ESG debt could fund oil and gas decommissioning

IFR 2467 - 21 Jan 2023 - 27 Jan 2023
4 min read
Americas, EMEA, Asia
Tessa Walsh

The scale of decommissioning required in the oil and gas industry is expected to soar as energy systems shift from fossil fuels and sustainable finance could help to fill a big funding shortfall, according to a report by Sustainable Fitch.

The cumulative cost of decommissioning ageing oil and gas assets may reach US$42bn by 2024, according to research company Rystad Energy, as wells are plugged and installations are dismantled and removed and the environment is restored.

"We're going to see an increase across the board in terms of decommissioning and we can expect it to accelerate much more over the longer term," said William Attwell, associate director of climate risk at Sustainable Fitch.

The cost of retiring the UK’s North Sea oil and gas installations is estimated at more than US$50bn alone, and the US has 2.6m documented onshore wells to plug, which could cost about US$288bn, Carbon Tracker estimates.

The cost of decommissioning is expected to dwarf the amounts pledged by companies and financial assistance programmes, which may leave governments picking up the bill, but signs are emerging that ESG-labelled debt instruments could be used.

"Sustainable financing could help to facilitate the funding and financing gap for decommissioning that we're seeing in many jurisdictions," Attwell said.

Use-of-proceeds bonds such as green, social or sustainable bonds with specific decommissioning or "retirement" use of proceeds are seen as unlikely to work for decommissioning projects as investors with strict ESG mandates already apply negative screening to fossil fuels.

"For companies, specific use-of-proceeds bonds for decommissioning could be tricky – we're not too confident about investor demand,” Attwell said.

Investors that do not screen are still likely to have reservations as they do not necessarily distinguish between a company and an instrument and will be concerned that any financing could be used to fund the continued expansion of fossil fuel assets.

“I would struggle to buy ESG-labelled bonds from an oil and gas company,” an ESG investor said. “It’s not because we have hard exclusions, it's because I haven’t seen any transition plans that are robust and credible enough.”

While corporate use-of-proceeds deals could be problematic, such bonds issued by sovereigns or public bodies for environmental clean-ups could be easier to attract support from investors.

"Environmental remediation by governments is different; we could see investors for green bonds issued by public sector bodies," Attwell said.

Sustainability-linked?

There are more indications that performance metrics tied to sustainability-linked bonds, and particularly loans, could be used for decommissioning projects, Sustainable Fitch said.

SLLs for oil and gas companies have been minimal to date.

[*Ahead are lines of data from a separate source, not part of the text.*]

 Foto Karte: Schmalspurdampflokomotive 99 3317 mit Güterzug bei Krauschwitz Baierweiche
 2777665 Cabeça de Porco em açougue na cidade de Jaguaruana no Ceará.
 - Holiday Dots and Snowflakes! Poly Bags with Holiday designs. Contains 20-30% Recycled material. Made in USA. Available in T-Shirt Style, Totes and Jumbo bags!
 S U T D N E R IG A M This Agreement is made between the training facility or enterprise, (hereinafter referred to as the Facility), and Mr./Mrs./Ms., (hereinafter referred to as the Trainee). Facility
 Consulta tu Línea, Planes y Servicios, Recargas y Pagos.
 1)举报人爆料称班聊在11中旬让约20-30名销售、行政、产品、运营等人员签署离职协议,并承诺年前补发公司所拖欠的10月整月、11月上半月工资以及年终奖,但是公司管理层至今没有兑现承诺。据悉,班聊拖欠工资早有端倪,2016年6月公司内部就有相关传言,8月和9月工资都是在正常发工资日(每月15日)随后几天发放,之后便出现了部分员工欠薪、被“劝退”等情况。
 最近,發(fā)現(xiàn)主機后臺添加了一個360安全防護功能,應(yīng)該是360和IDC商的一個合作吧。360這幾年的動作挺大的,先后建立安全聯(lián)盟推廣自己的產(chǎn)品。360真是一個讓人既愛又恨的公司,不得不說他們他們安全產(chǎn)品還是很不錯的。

KPIs typically involve CO2 reduction or improving the carbon efficiency of operations and supply chains, but decommissioning could become a bigger theme for industry KPIs and SPT targets, along with preventing methane leaks.

US firm Diversified Energy announced an agreement with lenders led by KeyBank that will see the company’s US$300m revolving credit facility converted to an SLL and includes an explicit SPT to have "asset retirements above current levels" that could prove to be a blueprint for SLL retirement deals.

While the immediate focus is on the North Sea, decommissioning costs in the Gulf of Mexico are expected to be up to US$48bn in the next decade and new financing mechanisms will have to be developed to fund emerging market decommissioning.

Decommissioning offshore wells is difficult and expensive and while the cost of retiring onshore wells is lower, there are more of them, particularly in the US and Canada. Federal programmes are likely to cover only a fraction of the total estimated clean-up costs, which may see the task fall to municipalities and local governments.

The issuance of sub-national green, social or sustainable bonds, or green "muni" bonds, has increased in recent years and is seen as a viable potential source of capital for decommissioning.

"One potential area is raising green municipal debt to finance the repurposing of oil and gas assets, potentially for renewable energy," Attwell said.